Alice Cooper project soldiering on for Mesa kids The Mesa Tribune | The Hometown Newspaper for the city of Mesa, AZ

Alice Cooper project soldiering on for Mesa kids

Alice Cooper project soldiering on for Mesa kids

By Henry Greenstein
Tribune Contributor

After months of delays, the new Mesa Teen Center from Alice Cooper’s Solid Rock is slated to open early next year.

The nonprofit is shooting for a late-January opening, said Randy Spencer, who runs community partnerships for Solid Rock. Prior to the pandemic, the center had been originally slated to open this fall.

The center will feature a wide array of programs, including lessons in art, music and dance housed in a building just off Country Club Drive and Main Street.

The Mesa Solid Rock space is 12,000 square feet compared to the existing Phoenix center’s 28,000 square feet but it will include numerous studios, rehearsal rooms and a performance stage, as well as a basketball court and “teen room” housing games like air hockey and ping pong.

Expanding to Mesa will be a substantial step forward for Solid Rock, which for eight years has operated in just one location in North Phoenix.

The nonprofit was founded in 1995 by the legendary Valley rocker and his wife Sheryl Cooper, a choreographer, and helps young people ages 12-20 explore careers in the arts through free lessons and classes.

“From the very beginning, our vision has been to have multiple teen centers, particularly in the Valley,” Spencer said. “We have received phone calls, pretty much from every city in the state of Arizona, since opening our first teen center.”

Marlo Loria, who heads career and technical education and innovative partnerships for Mesa Public Schools, said snagging the center involved a process that began at Alice Cooper’s annual golf tournament fundraiser.

There, the Solid Rock leadership team connected with top Mesa officials, including Mayor John Giles.

The courtship progressed and soon enough Mesa Public Schools was offering Solid Rock its choice of several vacant district buildings. Solid Rock ultimately signed a 19-year lease on what Loria called a “kind of clunky” building.

“I had another spot I thought that they would choose that was much nicer and kind of historic,” Loria said.

But Loria said the nonprofit’s leaders justified their choice.

“They were like, ‘No, that’s too nice for us. We want to take something and make it nice.’… You know, Alice Cooper’s all about rock and roll,” Loria said, “so I think the space is going to really match his persona.”

This past January, to cultivate interest, Solid Rock staged a surprise “special assembly” at nearby Westwood High School.

Katie Gardner, the school’s assistant principal for activities, coordinated the event, featuring a battle of the bands and a flash mob while keeping the news of Cooper’s visit closely guarded.

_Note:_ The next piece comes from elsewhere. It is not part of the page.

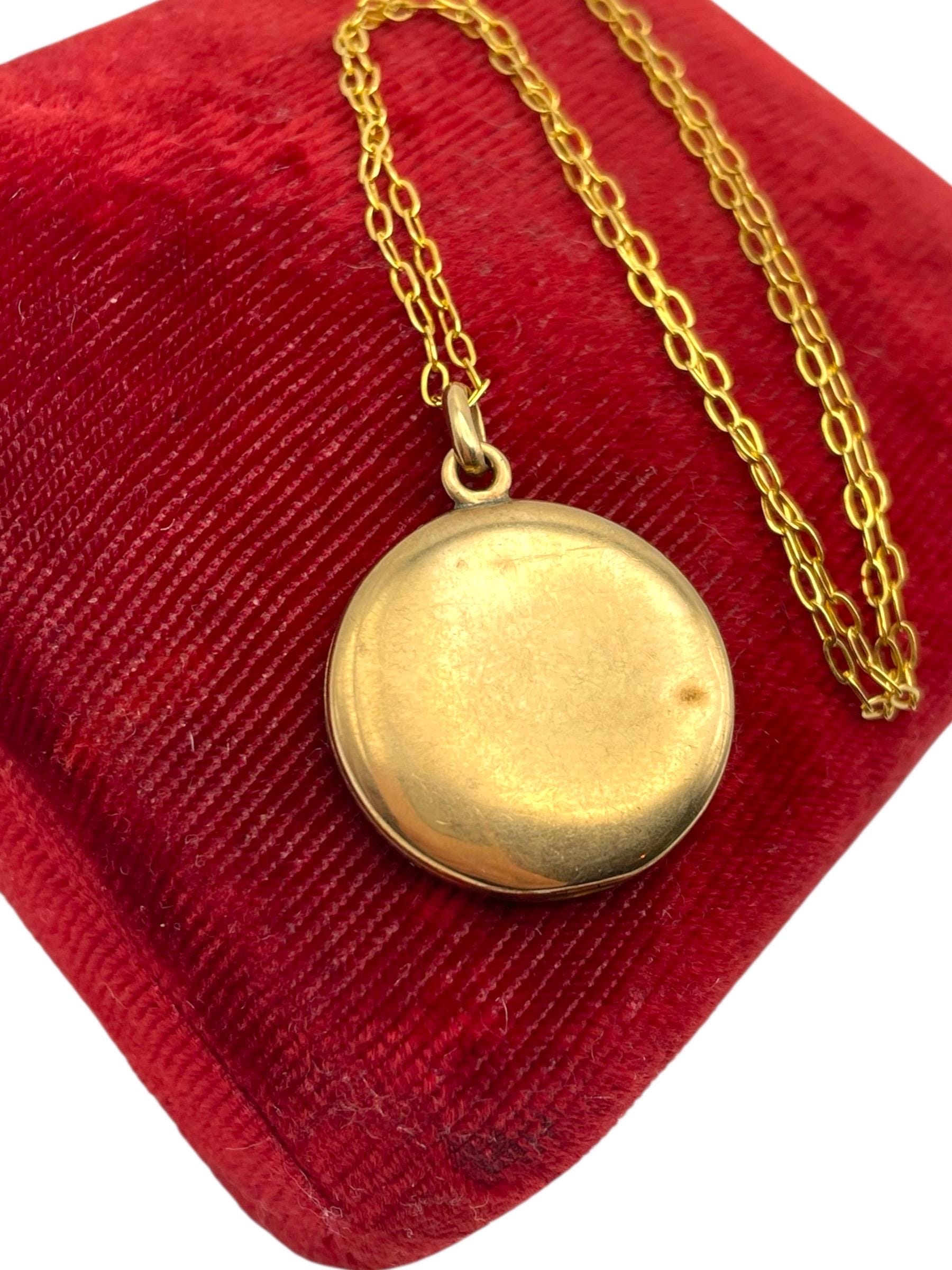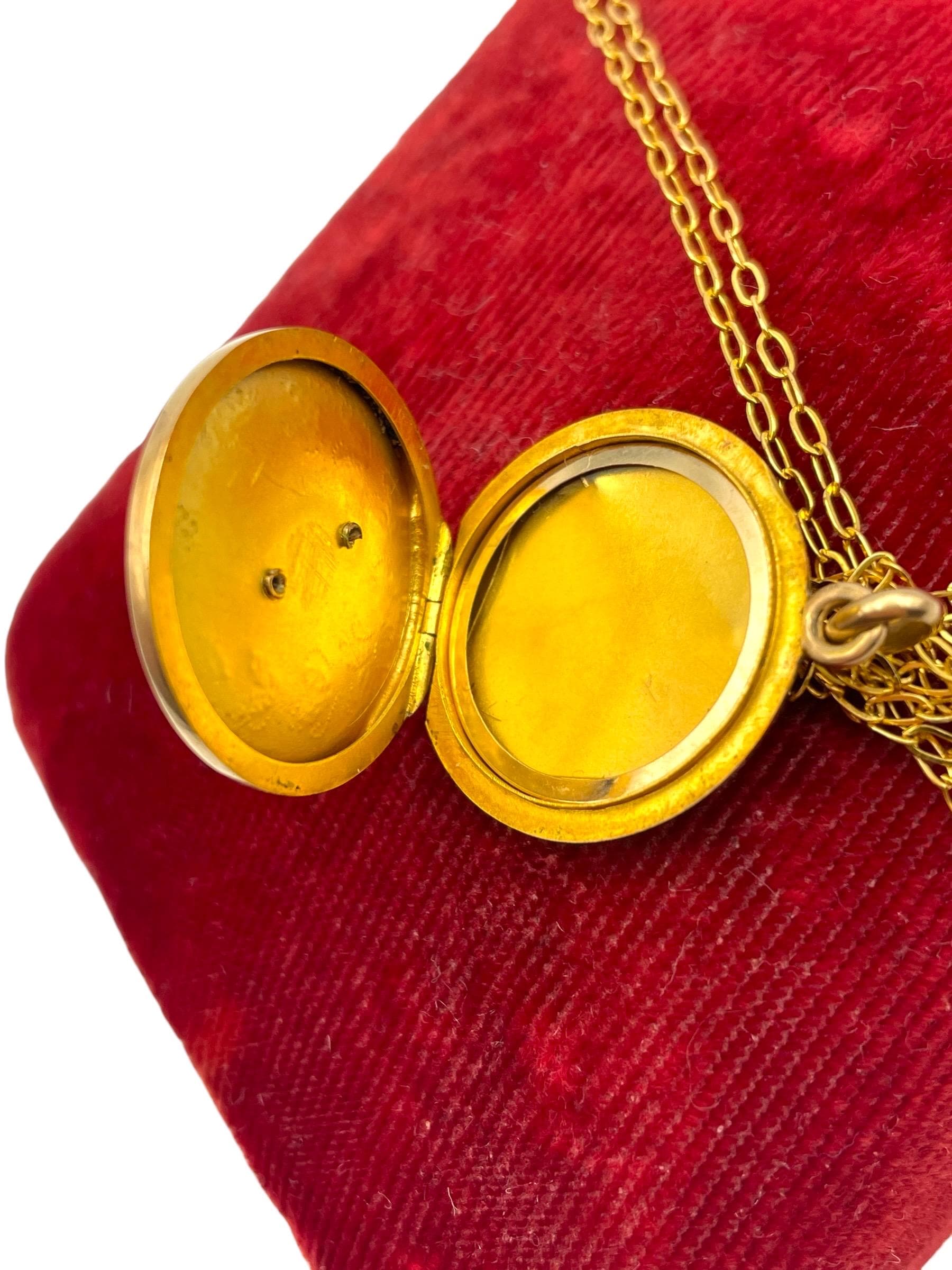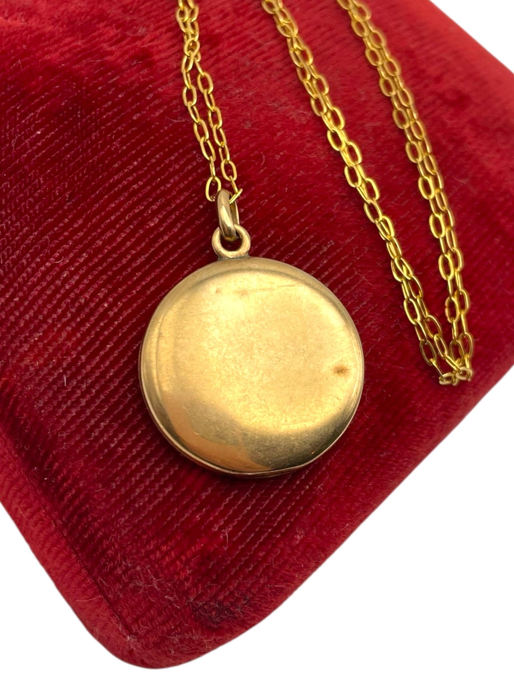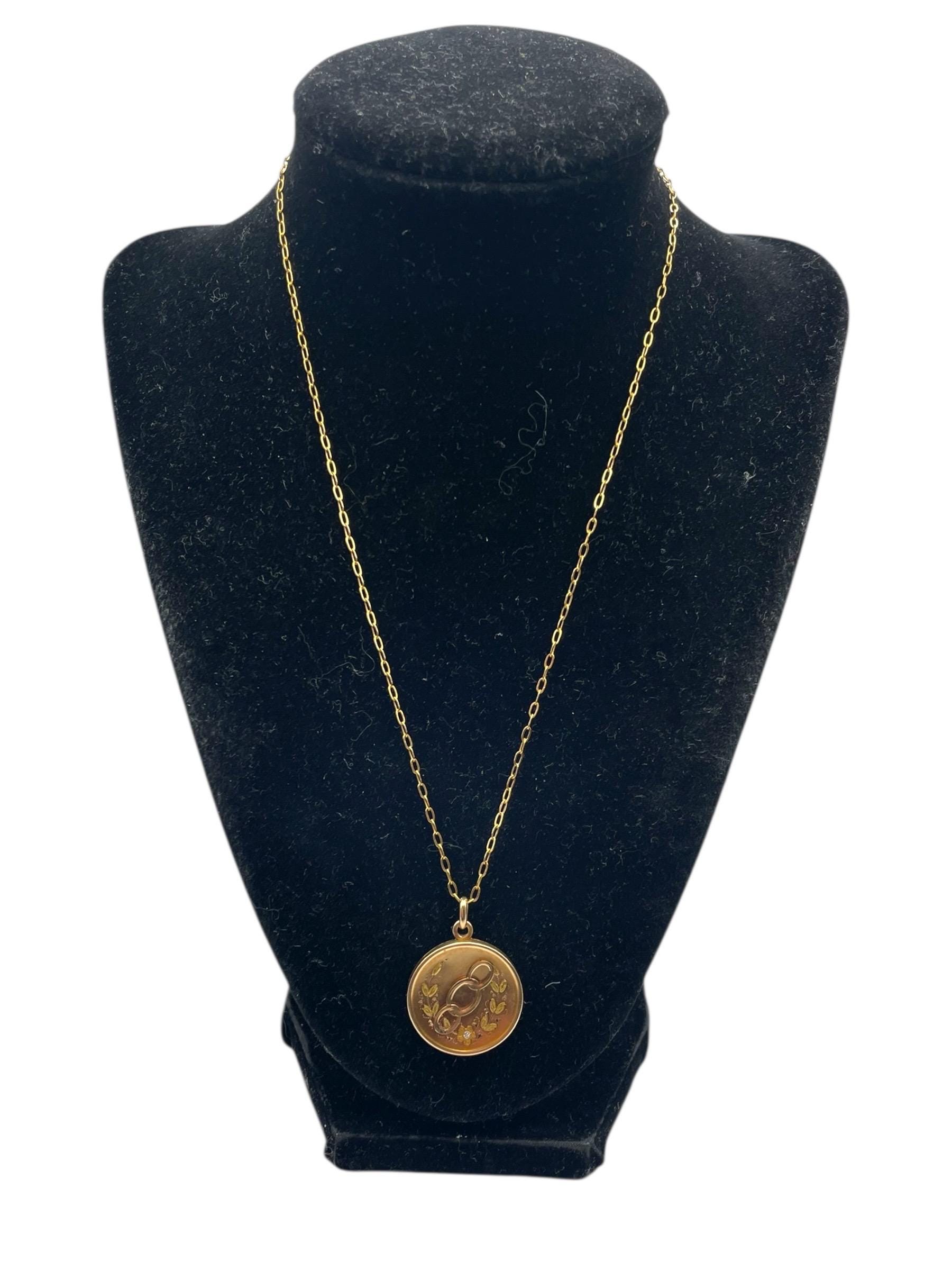 The antique locket is attached to a 14K gold filled link chain that is 18" long and has a spring ring clasp.

“I had quite a few teachers that were mad at me, because they taught math or Spanish or something else, and they’re like, ‘We didn’t even know he was on campus,’” Gardner recalled.

“And my kind of curt response was ‘Well, if it would have been about you, then you would have been invited, but it wasn’t. It’s about our kids who are in the arts.’”

Riley Baillie, 15, is one of those kids. The Westwood sophomore shot photos of the assembly as part of a career and technical education program.

After taking a guitar class in eighth grade, Riley, who is also an aspiring rapper, was searching for a “rock essence” that’s missing from Westwood’s curriculum.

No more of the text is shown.